What happens if compaction never runs on a MOR table?

Delete file count grows with every update. Readers must merge more files on every scan. Eventually, the query engine's open-file limits or memory limits constrain the scan, and query latency climbs. Storage costs also grow because delete files are not removed until a snapshot expiration job runs after compaction.

How does MOR interact with Iceberg's partition pruning?

Data file pruning still works normally. Iceberg skips data files whose partition values do not overlap the query predicate. However, delete files scoped to a partition range must still be loaded and applied to every matching data file. This means partition pruning reduces the number of base files scanned but does not always reduce the number of delete files loaded.

Is there a performance difference between equality deletes and positional deletes for streaming CDC?

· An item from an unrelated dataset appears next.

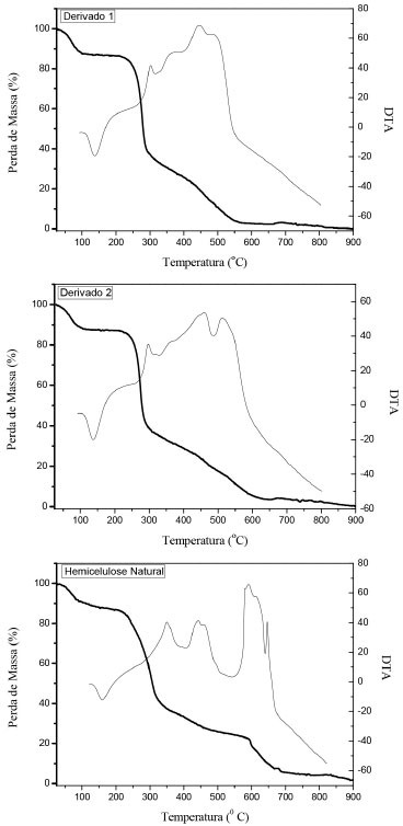 ![]() Figura 4. Termogramas TG/DTA da hemicelulose natural e dos derivados catiônicos 1 e 2
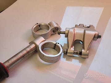 Vendo collari per semimanubri SX e DX più semimanubrio SX con manopola domino più leveraggio monoammortizzatore posteriore, il tutto completo di viteria tranne che per il serraggio del semimanubrio DX ( N°2 viti M6 ) VENDO SOLO IN BLOCCO Tutto USATO proveniente da Ducati 848 2008. Presentano piccole imperfezioni e segni di normale usura ma perfettamente funzionanti e integri. Per foto o chiarimenti rimango a disposizione. Una volta consegnato il pacco alla ditta di spedizione non rispondo in alcun modo per problemi o ritardi. Vendita tra privati, materiale usato e privo di qualsiasi garanzia.

Equality deletes are almost always used in streaming CDC because the writer (Flink, RisingWave, or similar) does not track internal row positions in Iceberg data files at write time. Positional deletes require knowledge of the exact (file path, row index) of the target row, which is only available when the writer does a read-before-write to locate the row first. The extra read-before-write is expensive at high ingestion rates, which is why equality deletes dominate in streaming CDC workloads despite their higher read cost.